It is getting more and more complicated here. Almost all parties at war are located in close proximity to this region in Northern Syria. Most notably the Turkish army, acting as an occupant, wants to take Minbic – an endeavour which, although announced by Turkish president Erdoğan, has so far failed due to the resistance of the local population, as well as the US and Russia.
The city of Minbic was liberated on August 12, 2016 by the Syrian Democratic Forces (SDF, arabic: QSD), thus ending the "Islamic State's" (ISIS) rule of more than two and half years. Shortly before the liberation offensive started, the Minbic Military Council had been set up on May 31, 2016 by the QSD under the leadership of the Kurdish People's and Women's Defense Units (YPG/YPJ). It exercises military control over the Minbic region, located about 100 kilometres southwest of Kobanê, which became known worldwide for its resistance. In autumn 2016, the Military Council handed over the region's administration to the provisional Minbic Civic Council. Consisting of Arabs, Kurds, Turkmens and Circassians, the Civic Council has renamed itself the Minbic Democratic Civilian Administration Council on March 12, 2017 and expanded in size in order to heighten its democratic legitimation.
The significance of Minbic derives not only from its geostrategic location in the Syrian context, but also from the political system which has been established there from August 2016, namely with the Minbic Democratic Civilian Administration Council which holds a very high democratic standard and is supposed to serve as a model for a new democratic Syria. This will be the focus of this interview which was conducted with the key representatives of the Democratic Administration's legislative, among them the co-chairs Sozdar Xalit (Kurd) und Faruk Maschi (Arab), as well as Emel Bozgeyik (Turkmen), Muhamed Dolmusch (Turkmen), Muhamed Tarik (Circassian) und Abdo Mustafa (Kurd).
What kind of a city was Minbic before the war in Syria?
All: Until 2011, about eighty percent of Minbic's population of roughly 100,000 were Arabs. However, more than ninety years ago the majority of the population had been Circassian. Shortly before the ongoing war, Kurds made up close to 15 percent, while Circassians and Turkmens together accounted for only about five percent of the overall population in Minbic. Several decades ago a small Armenian community had existed as well, which emigrated to Aleppo though.
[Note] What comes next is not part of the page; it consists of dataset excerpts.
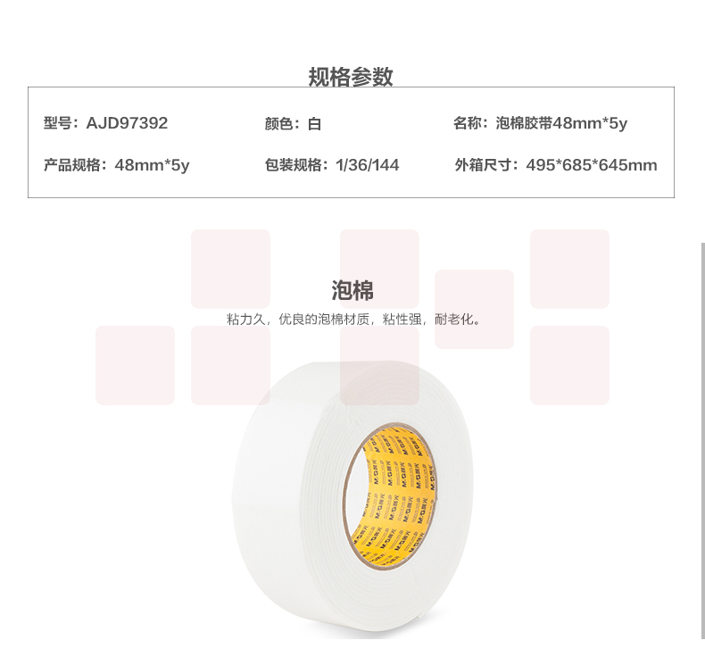 晨光双面泡棉胶带双面胶带48mm*5y(单卷)AJD97392
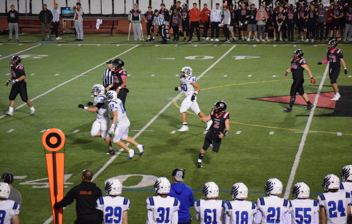 It may be a long time before football fans on both sides will see another game as good as this one. Hempfield came from behind and scored ten points in the fourth quarter. Then the Black Knights stopped a 2-point conversion inches short of the goal line late in the game to upset unbeaten Exeter 30-28 in a classic contest that will be talked about for years. The game was played on Hempfield’s home field on band recognition night before a rather large crowd.
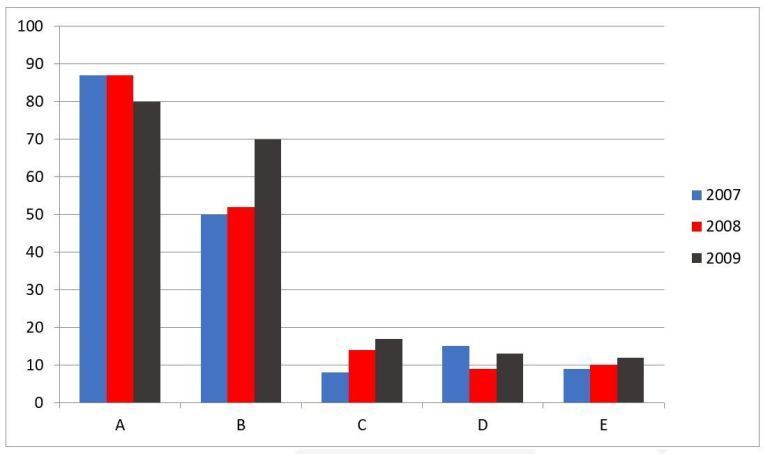 - Task 1: The bar chart below shows the number of films produced by 5 different countries from 2007-2009.
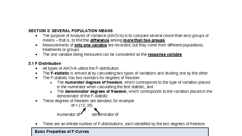 ANOVA Analysis of Several Population Means: Section 3 Notes - Studocu
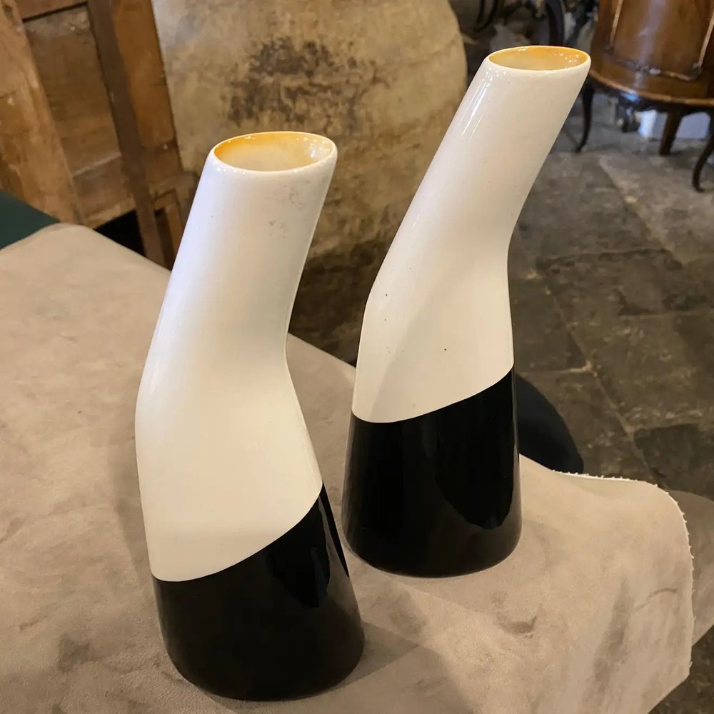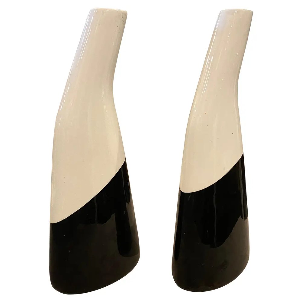 Italian Black and White Ceramic Vases by La Donatella, 1960s, Set of 2
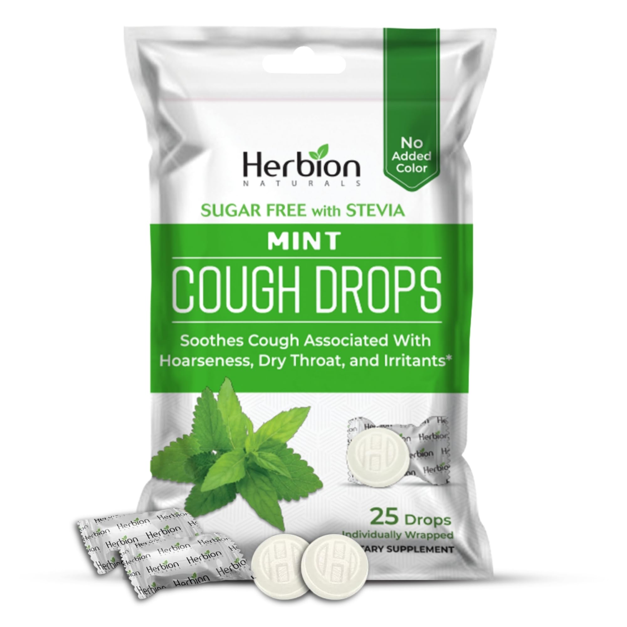 YUMMY MINT FLAVOR:These all-natural Cough Drops come in a delightful natural mint flavor that tastes like an absolute treat! Just pop a Cough Drop in your mouth, let it dissolve, and enjoy the relief. FOR ADULTS CHILDREN:Our good-tasting, soothing lozenges are suitable for adults and children over 6 years of age and are convenient anytime, anywhere. ALL-NATURAL COUGH DROPS:Our Cough Drops are free of gluten, nuts, artificial flavors and colors, which makes them safe and effective for daily intake. SUGAR-FREE FORMULA:Our sugar-free cough drops are specially prepared with low-calorie sweetener Stevia and it is safe for diabetics. WHOLESOME INGREDIENTS:Our Cough Drops contain the goodness of Malabar Nut, Large Leaf Geiger Tree, Long Pepper, Hyssop, Greater Galangal, Licorice, and Sweet Violet. QUICK COUGH RELIEF:Herbion Naturals Cough Drops contain a wholesome blend of herbs with menthol to help relieve cough.
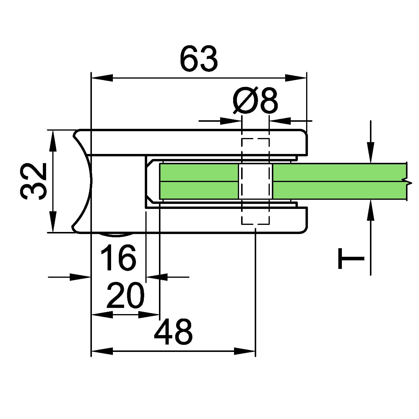 Befestigung mit Zylinderkopfschraube DIN912 M8 x 20 (nicht im Lieferumfang)
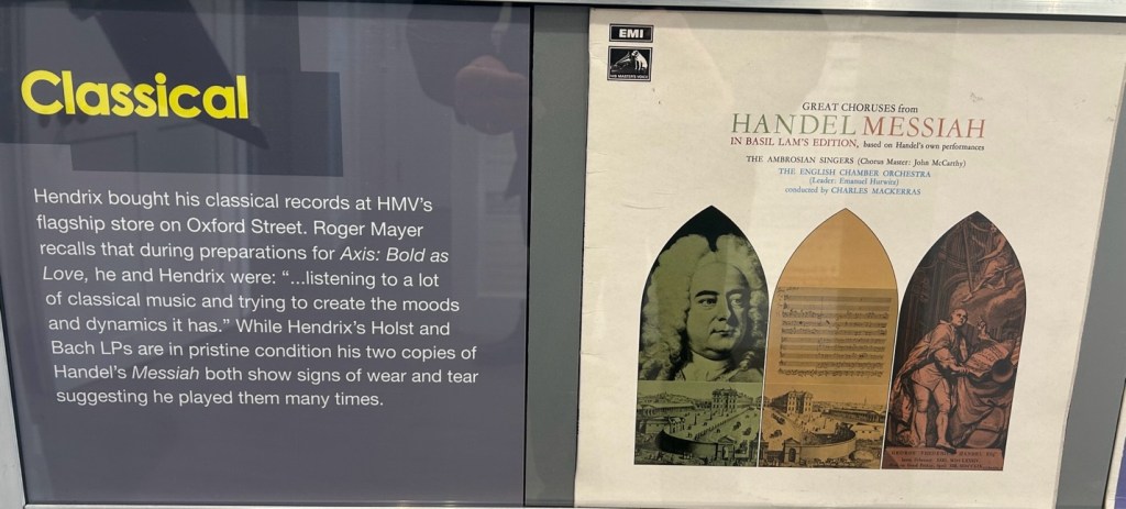 …nearby is this display, noting that Hendrix apparently was inspired by listening repeatedly to a recording of “The Messiah:”
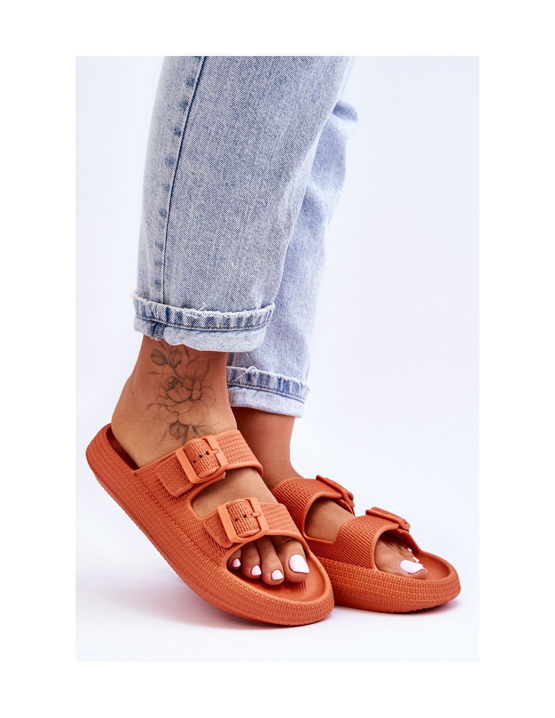 Klasikinės moteriškos šlepetės pagamintos tik iš porolono. Jie turi plastikines sagtis su reguliuojamais dirželiais. Šis modelis buvo sumontuotas ant masyvios platformos. Tobula avalynė vasaros sezonui. Šios šlepetės itin erdvios ir patogios. Jie taip pat puikiai tinka prie baseino ar paplūdimio. Rinkdamiesi dydį, žiūrėkite dydžių lentelę.
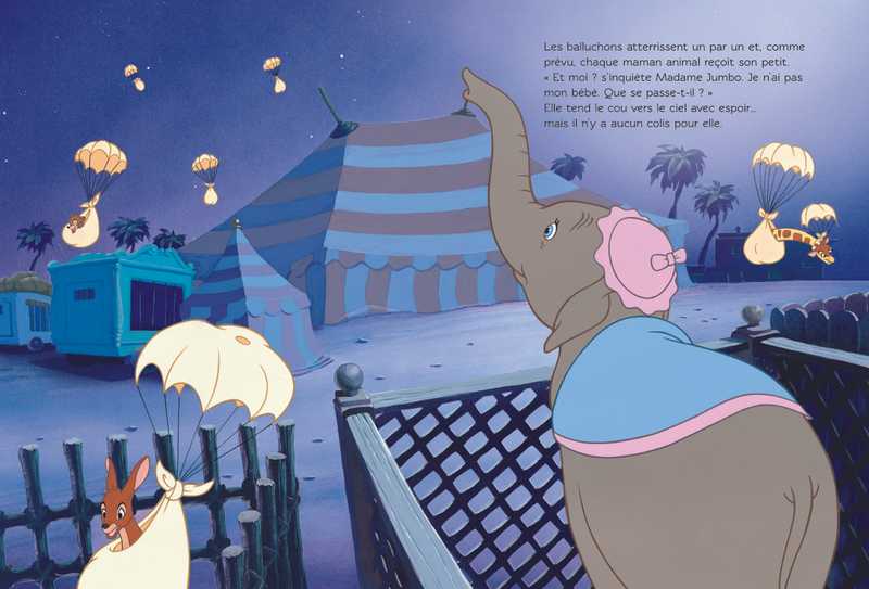 C’est le printemps et les cigognes apportent à chaque pensionnaire du grand cirque un colis. Madame Jumbo découvre un adorable petit éléphanteau… Mais avec de si grandes oreilles, il est la risée de tous ! Surnommé Dumbo, le petit éléphant doit faire face aux moqueries des autres animaux. Parviendra-t-il à faire de ses oreilles un atout ?
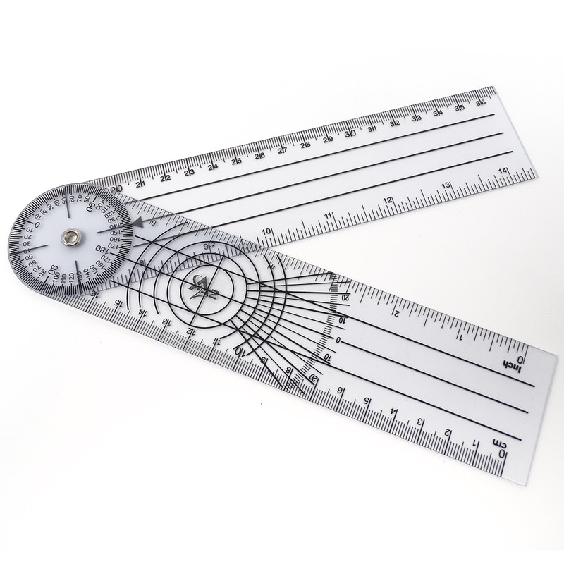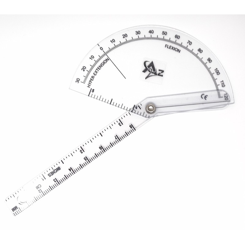 - Measurements in inches and centimeters are on the arms. The clear plastic permits observation of the joint's axis of motion and range of motion.
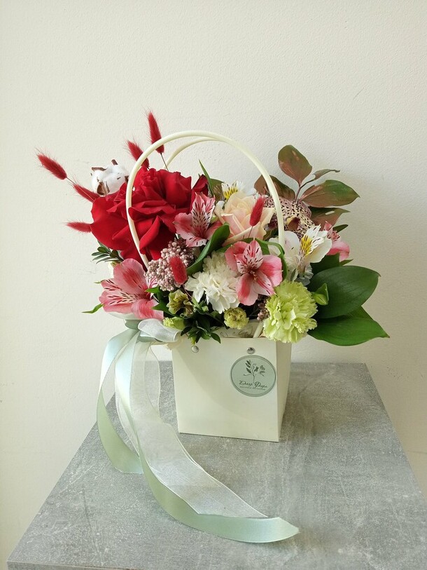 Отличная композиция и качественный сервис. Весь заказ онлайн с учётом отложенной датой доставки. Вопросы решали через чат. Цена-качество!!!
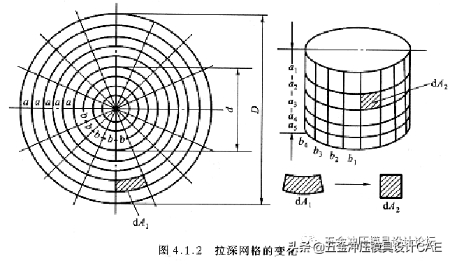 在毛坯上画作出距离为a的等距离的同心圆与相同弧度b辐射线组成的网格(如图4.1.2) ,然后将带有网格的毛坯进行拉深。
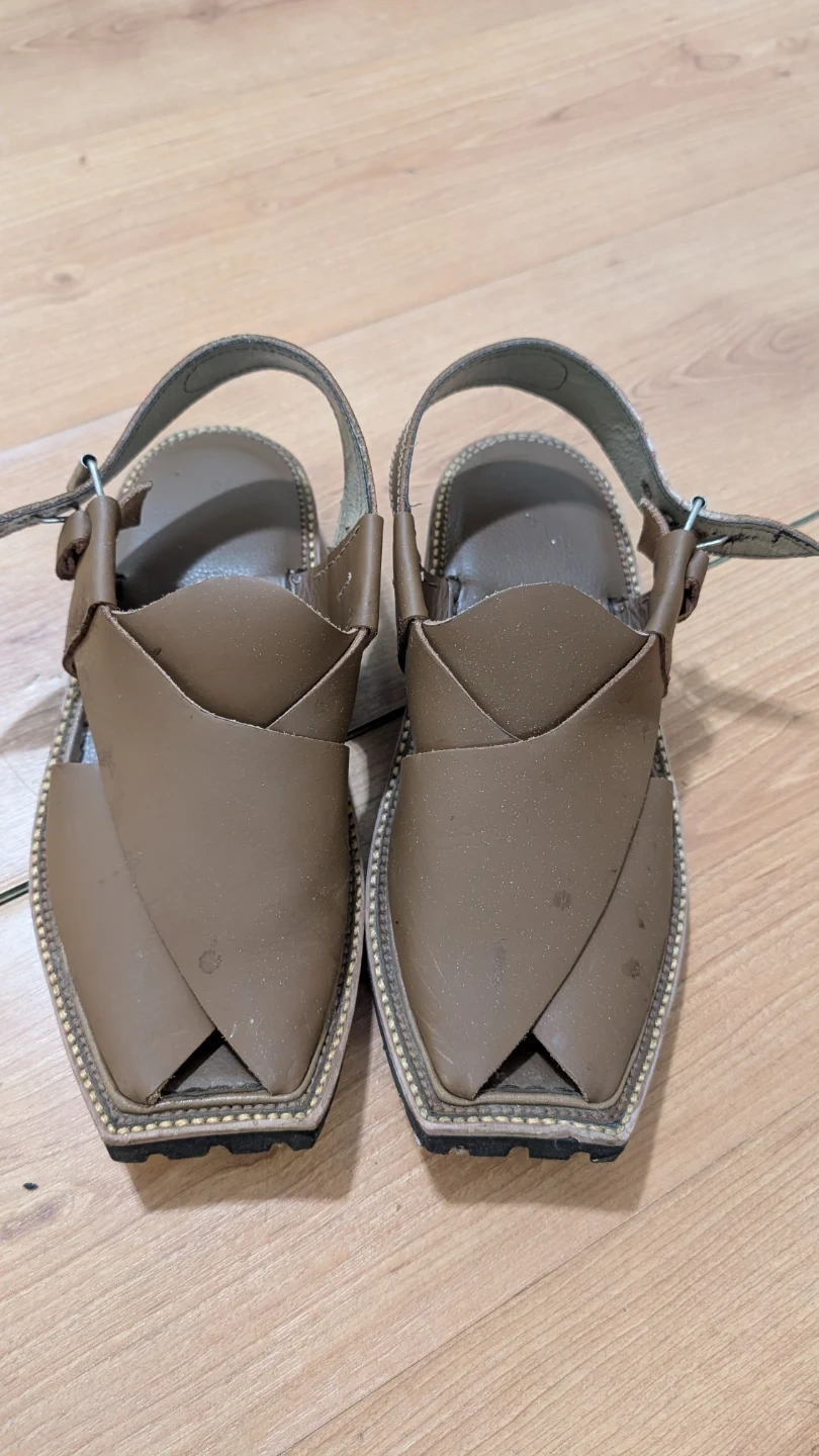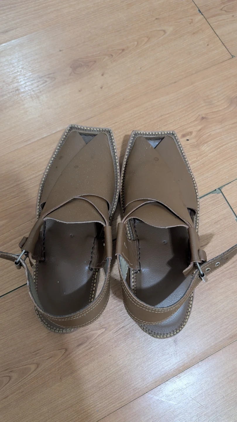 These are classic brown leather Peshawari sandals. They feature a comfortable buckle strap closure. The soles are made of durable rubber, resembling tire treads. A great choice for warm weather!
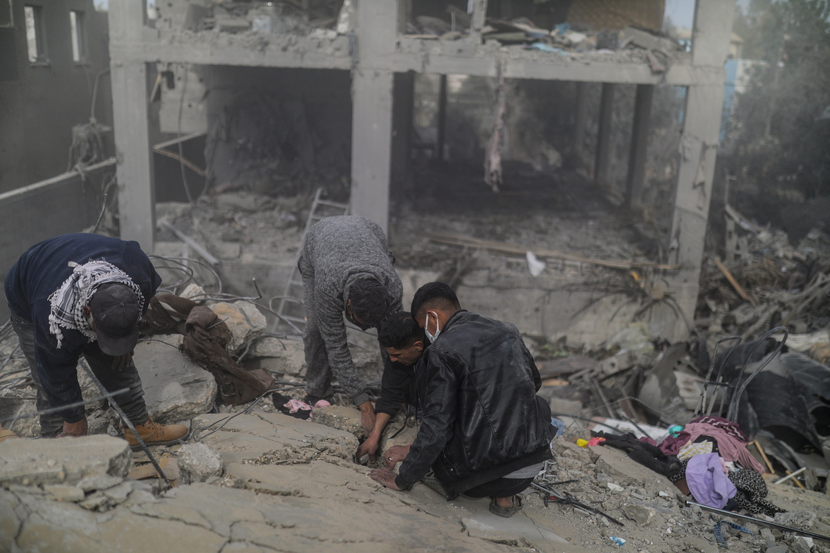epa11174278 Palestinians search for bodies and survivors among the rubble of a destroyed house following an Israeli air strike on Deir Al Balah, southern Gaza Strip, 23 February 2024. According to the Palestinian Ministry of Health, more than 18 members of the same family were killed and 22 remain trapped under the rubble following an overnight Israeli air strike. More than 29,400 Palestinians and over 1,300 Israelis have been killed, according to the Palestinian Health Ministry and the Israel Defense Forces (IDF), since Hamas militants launched an attack against Israel from the Gaza Strip on 07 October 2023, and the Israeli operations in Gaza and the West Bank which followed it. EPA/MOHAMMED SABER

Both commerce and agriculture have always been well developed in Minbic. Economically the city was in quite a good shape. The level of education is quite high as compared to the surrounding areas.
Maschi: The region's 63 Arabic tribes convened regularly for many years and came to terms with the state, but in general did not actively support it. The two biggest tribes sent one deputy respectively to the Syrian parliament.
What was the period between the beginning of the Syrian uprising and war until shortly before ISIS' rule like in Minbic?
All: The city of Minbic and its surroundings positioned themselves quickly against the Baath regime from spring 2011 onwards. But there were heated discussions on whether resistance should be peaceful or armed.
Dolmusch: This discussion was held among Arabs as well as Turkmens. While the latter organised themselves peacefully initially, a lot of them quickly changed their mind when weapons, money and military training was pressed on by Turkey. Thus the Turkmen society was of two opinions.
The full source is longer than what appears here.